Consensus guidelines for diagnosis and management of anemia in epidermolysis bullosa.
Study Goal
The researchers aimed to establish consensus guidelines for the diagnosis and management of anemia in patients with epidermolysis bullosa (EB), including the use of iron supplementation.
Results Summary
The study generated 26 consensus statements, resulting in 6 recommendations for managing anemia in EB patients. Iron supplementation (oral or infusion) was recommended based on anemia severity, with dietary measures advised for all patients.
Population
Patients with moderate to severe forms of epidermolysis bullosa (EB).
Effective Dosage
Not specified (oral iron for mild anemia; iron infusion for moderate to severe anemia).
Duration
Not specified.
Interactions
None mentioned.
| Intervention | Direction | Endpoint | Population | Dosage | Impact | Claim # |
|---|---|---|---|---|---|---|
Dietary measures | decrease | anemia | all EB patients | - | should be offered as part of management | #1 |
oral iron supplementation | decrease | mild anemia | EB patients | - | should be used | #2 |
iron infusion | decrease | moderate to severe anemia | EB patients | - | is reserved for | #3 |
transfusion | increase | Hb | adults | < 80 g/L (8 g/dL) | should be administered | #4 |
transfusion | increase | Hb | children | < 60 g/L (6 g/dL) | should be administered | #5 |
BACKGROUND: Anemia is a common complication of severe forms of epidermolysis bullosa (EB).

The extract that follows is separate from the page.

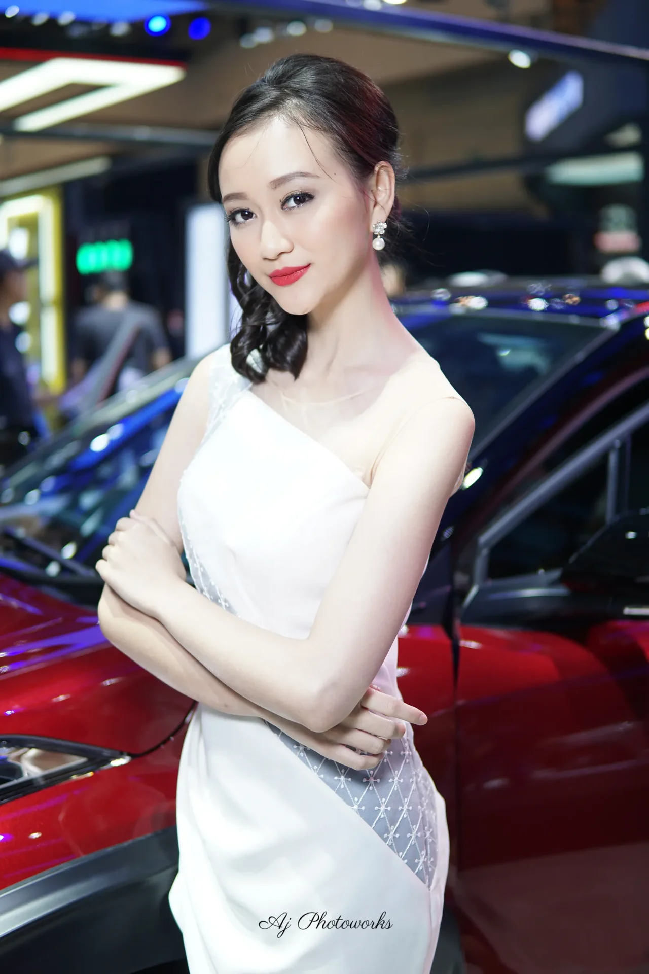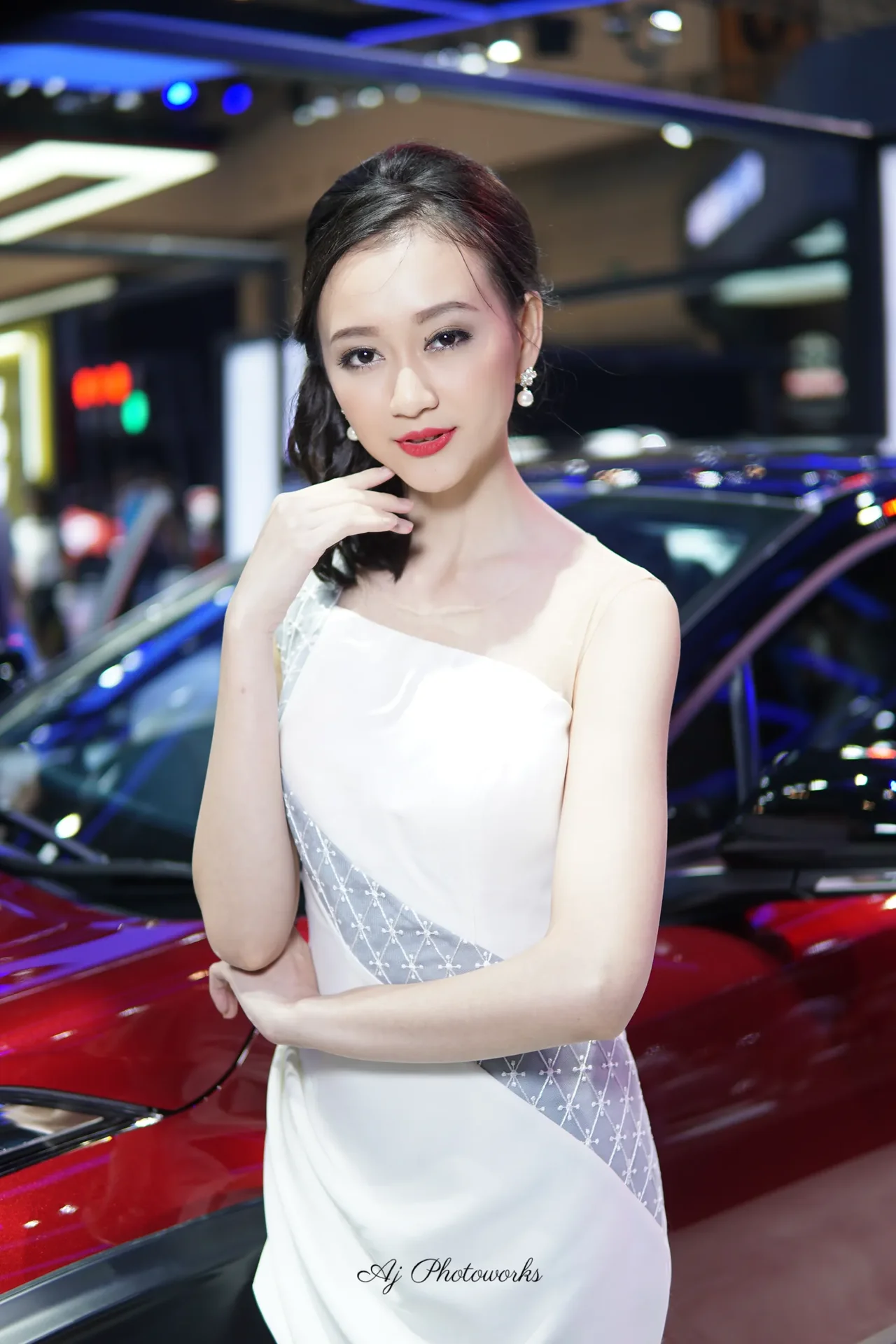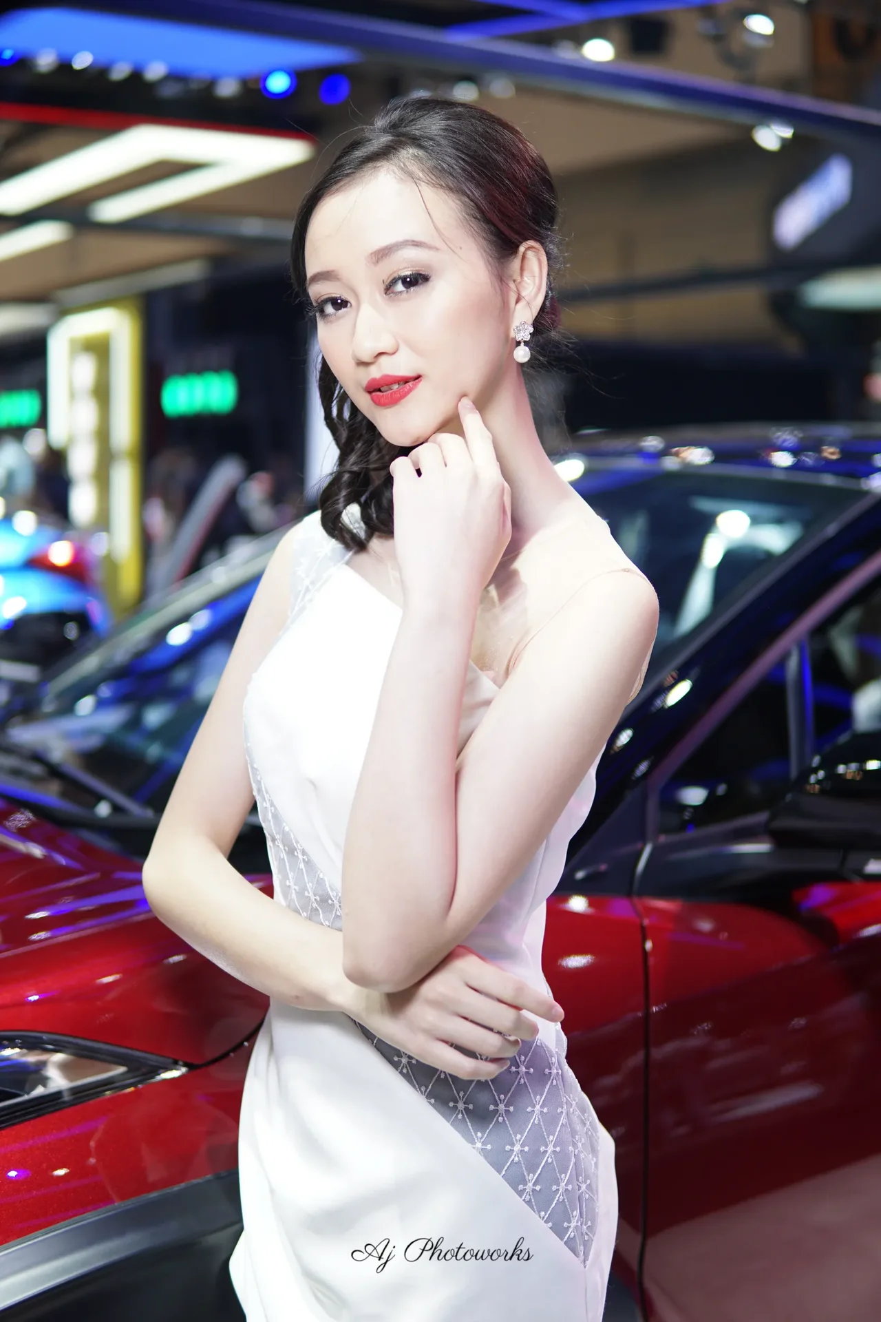 A model gracefully poses beside a sleek red sports car in a vibrant showroom, her elegant white dress contrasting the bold automotive backdrop.

To date, there are no guidelines outlining best clinical practices to manage anemia in the EB population. The objective of this manuscript is to present the first consensus guidelines for the diagnosis and management of anemia in EB. RESULTS: Due to the lack of high-quality evidence, a consensus methodology was followed. An initial survey exploring patient preferences, concerns and symptoms related to anemia was sent to EB patients and their family members. A second survey was distributed to EB experts and focused on screening, diagnosis, monitoring and management of anemia in the different types of EB. Information from these surveys was collated and used by the panel to generate 26 consensus statements. Consensus statements were sent to healthcare providers that care for EB patients through EB-Clinet. Statements that received more than 70% approval (completely agree/agree) were adopted. CONCLUSIONS: The end result was a series of 6 recommendations which include 20 statements that will help guide management of anemia in EB patients. In patients with moderate to severe forms of EB, the minimum desirable level of Hb is 100 g/L. Treatment should be individualized. Dietary measures should be offered as part of management of anemia in all EB patients, oral iron supplementation should be used for mild anemia; while iron infusion is reserved for moderate to severe anemia, if Hb levels of > 80-100 g/L (8-10 g/dL) and symptomatic; and transfusion should be administered if Hb is < 80 g/L (8 g/dL) in adults and < 60 g/L (6 g/dL) in children.